Problem requirements:
Would you copy the lines below exactly and omit the images?
Dataset content Start Marker
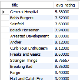 리뷰를 하지않은 티비쇼의 타이틀을 나타내자
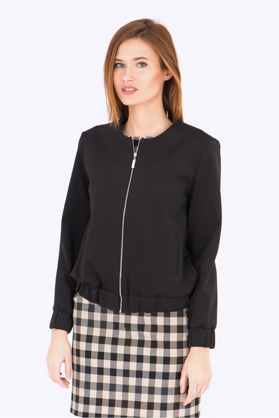 Куртка-бомбер черного цвета. Ткань плотная эластичная. Застежка на молнию, без подкладки. Универсальная модель, дополнит любой образ и сделает его модным и стильным.
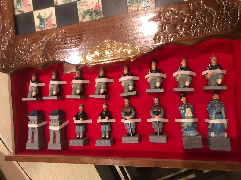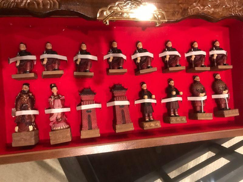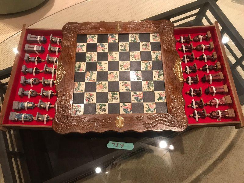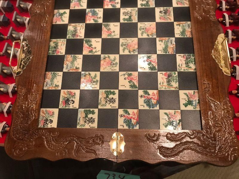Chess Set in Wood Case 19" square, older really neat piece.
Dataset content End Marker
Output of the exercise:
 리뷰를 하지않은 티비쇼의 타이틀을 나타내자
 Куртка-бомбер черного цвета. Ткань плотная эластичная. Застежка на молнию, без подкладки. Универсальная модель, дополнит любой образ и сделает его модным и стильным.
Chess Set in Wood Case 19" square, older really neat piece.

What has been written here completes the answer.